▶ **Work request**:
Print the lines exactly. Start at the first line of the material below, end with the line that contains "[금요저널] 남해군과 남해교육지원청이", and skip all pictures.

▶ **The data**:
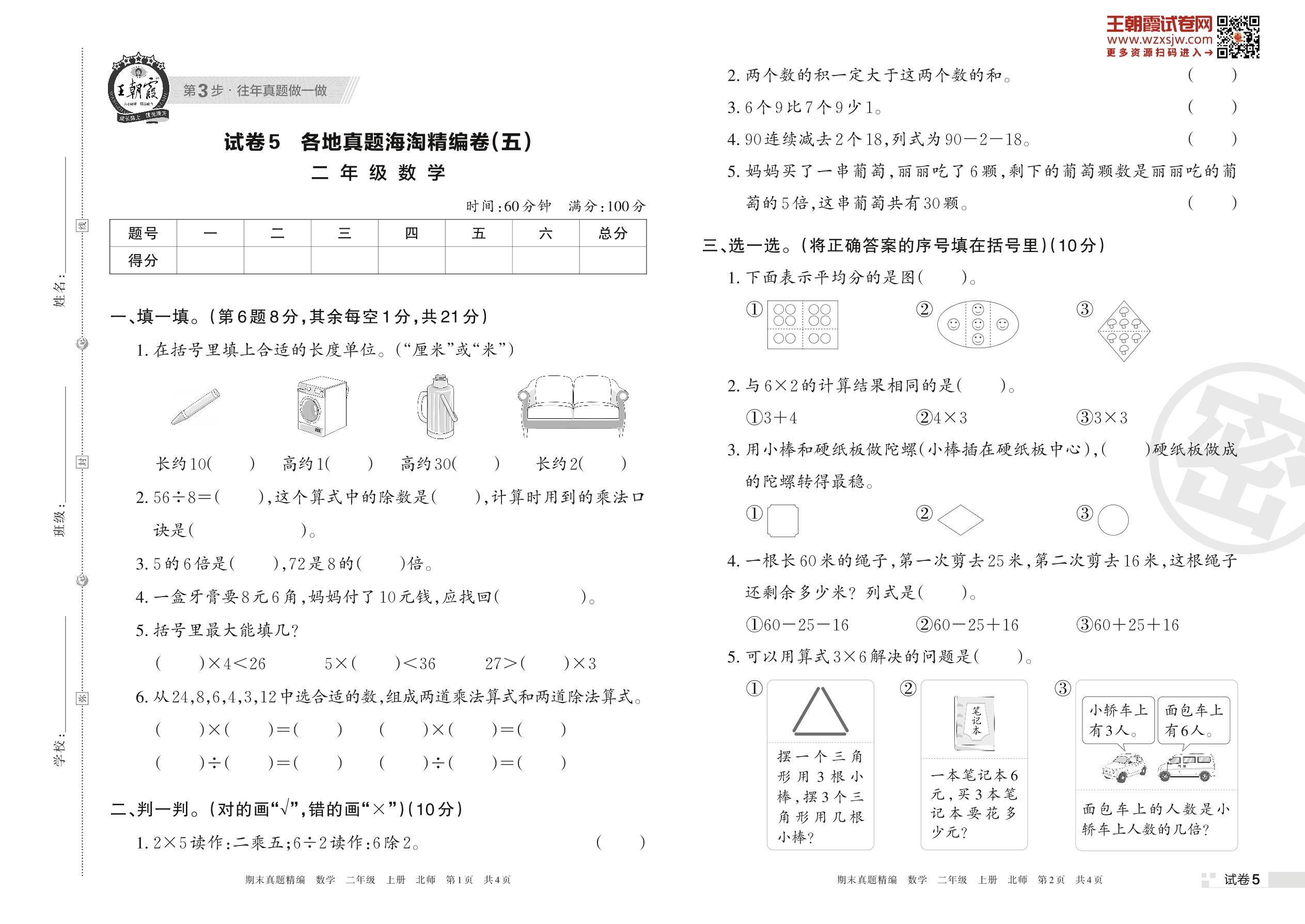 各地真题海淘精编卷(五)二年级上册数学(北师版)_R221128183439763【5】
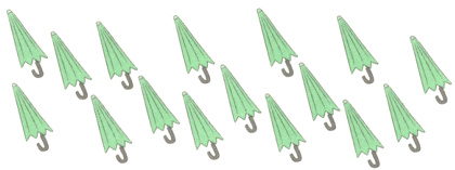 (3)答案不唯一,如:如果每4把伞摆一个美丽的伞花,那么可以摆几个伞花?$16\div4 = 4$(个)
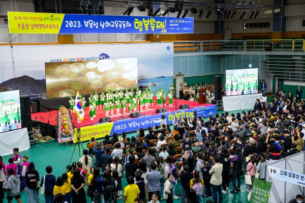 [금요저널] 남해군과 남해교육지원청이 공동으로 추진하고 있는 행복교육지구의 성과를 공유하고 그 결실을 나누는 ‘2023 보물섬 남해교육공동체 행복축제’가 지난 26일 남해실내체육관에서 열렸다.
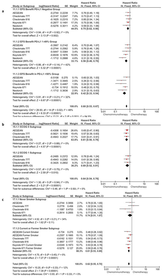 The meta-analysis was performed using the generic inverse-variance method with a fixed-effects model, considering the low degree of heterogeneity across all analyses. The primary objective was to compare the EFS between the patients treated with neoadjuvant chemoimmunotherapy versus chemotherapy. In addition to comparing the EFS with chemoimmunotherapy and chemotherapy, subgroup analyses for EFS according to PD-L1 expression, smoking status, age, disease stage, and ECOG performance status were conducted. The secondary objectives were to compare the OS, pathological complete response rate (pCR), R0 resection rate, and all-grade and high-grade (grade 3 or higher) adverse events between patients treated with neoadjuvant chemoimmunotherapy versus chemotherapy. The principal summary measure were the HRs with 95% two-sided CIs for EFS and OS, and odds ratio (OR) and 95% two-sided CIs for adverse events, pCR, and R0 resection rates. All analyses were conducted using the Review Manager software, version 5.4 (The Nordic Cochrane Center, The Cochrane Collaboration, Copenhagen, Denmark). The heterogeneity within each subgroup was assessed using Higgins I-square statistics. A p-value below 0.05 was considered statistically significant.

▶ **Solved problem**:
 各地真题海淘精编卷(五)二年级上册数学(北师版)_R221128183439763【5】
 (3)答案不唯一,如:如果每4把伞摆一个美丽的伞花,那么可以摆几个伞花?$16\div4 = 4$(个)
 [금요저널] 남해군과 남해교육지원청이 공동으로 추진하고 있는 행복교육지구의 성과를 공유하고 그 결실을 나누는 ‘2023 보물섬 남해교육공동체 행복축제’가 지난 26일 남해실내체육관에서 열렸다.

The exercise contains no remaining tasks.